- Born: 10 May 1794 Orwell
- Died: 25 December 1870 (aged 76) Chicago

= Nathaniel Colver =

Baptist minister in the United States

Nathaniel Colver (born in Orwell, Vermont, 10 May 1794; died in Chicago, 25 December 1870) was an American Baptist clergyman.

==Biography==
Colver's father, a Baptist minister, moved, while Nathaniel was a child, to Champlain, in northern New York, and thence to West Stockbridge, Massachusetts, where the son was converted and decided to enter the Baptist ministry. Though he had but slender opportunities of early education, he made himself a respectable scholar.

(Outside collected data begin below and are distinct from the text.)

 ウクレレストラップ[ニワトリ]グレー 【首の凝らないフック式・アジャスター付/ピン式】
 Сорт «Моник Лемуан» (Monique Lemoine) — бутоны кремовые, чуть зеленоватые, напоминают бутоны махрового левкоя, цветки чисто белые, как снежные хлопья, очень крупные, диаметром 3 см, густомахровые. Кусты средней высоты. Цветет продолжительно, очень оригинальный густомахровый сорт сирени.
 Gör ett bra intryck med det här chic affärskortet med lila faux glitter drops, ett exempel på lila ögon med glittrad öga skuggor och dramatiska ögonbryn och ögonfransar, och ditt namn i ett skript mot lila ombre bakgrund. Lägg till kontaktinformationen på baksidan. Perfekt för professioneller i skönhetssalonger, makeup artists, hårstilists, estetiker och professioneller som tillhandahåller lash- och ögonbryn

After brief pastorates in various places, Colver was called in 1839 to Boston, where he cooperated in organizing the church later known as Tremont Temple. His ministry there was remarkable for its bold, uncompromising, and effective warfare upon slavery and intemperance, as well as for its directly spiritual results. On leaving Boston in 1852, Colver was pastor at South Abington, Massachusetts, at Detroit, at Cincinnati, and finally, in 1861, at Chicago. While in Cincinnati, he received from Denison University the degree of D.D. In Chicago he held the inaugural professorship of doctrinal theology in the theological seminary which later became the Divinity School of the University of Chicago.

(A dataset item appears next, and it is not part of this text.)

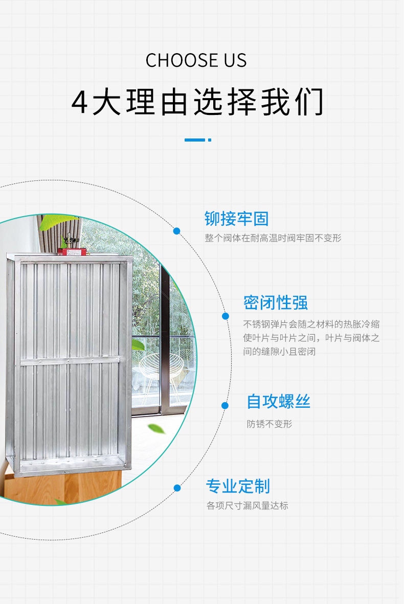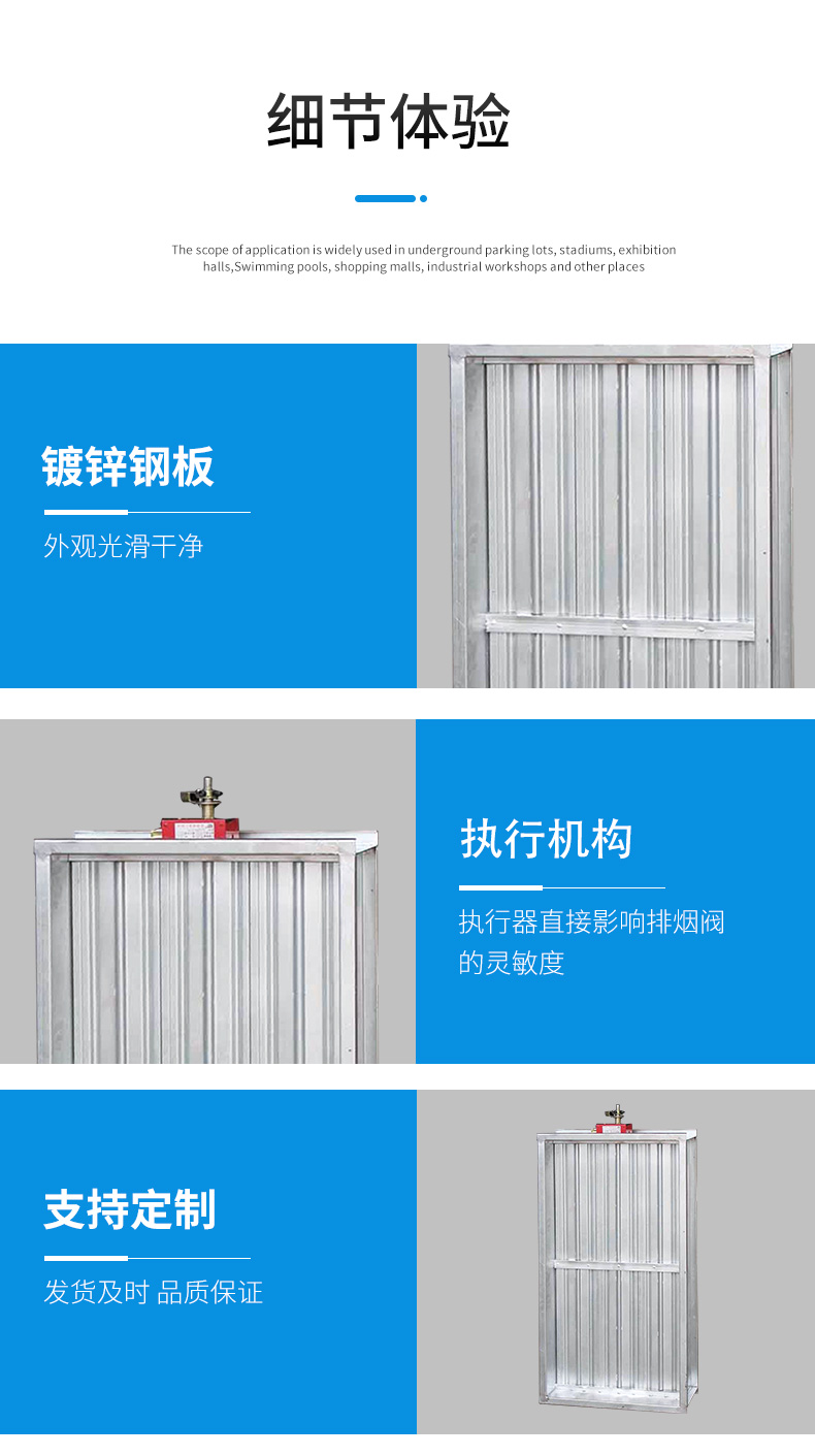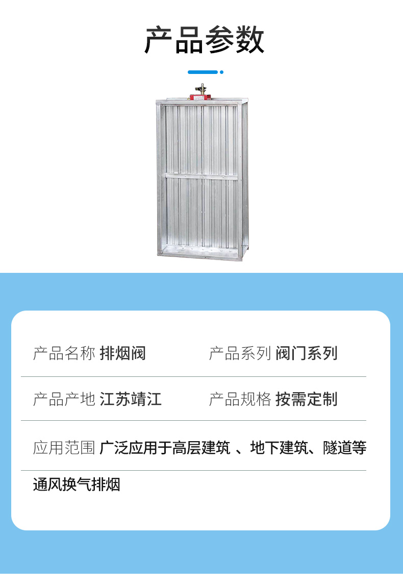 排烟阀安装在机械排烟系统各支管端部(烟气吸入口)处,平时呈关闭状态并满足漏风量要求,火灾或需要排烟时手动和电动打开,起排烟作用的阀门。

From 1867 to 1870, Colver was president of the Freedman's Institute in Richmond, Virginia. Colver played a conspicuous role in the anti-masonic, anti-slavery, and temperance movements of his day. In 1867, Colver headed the Richmond Campus of the National Theological Institute of Washington D.C., created by the American Baptist Home Mission Society. He died shortly thereafter and the school was renamed the Colver Institute in his honor. It eventually became part of Virginia Union University in 1899.

==Works==
Colver published, besides occasional addresses, three lectures on Odd-fellowship (1844).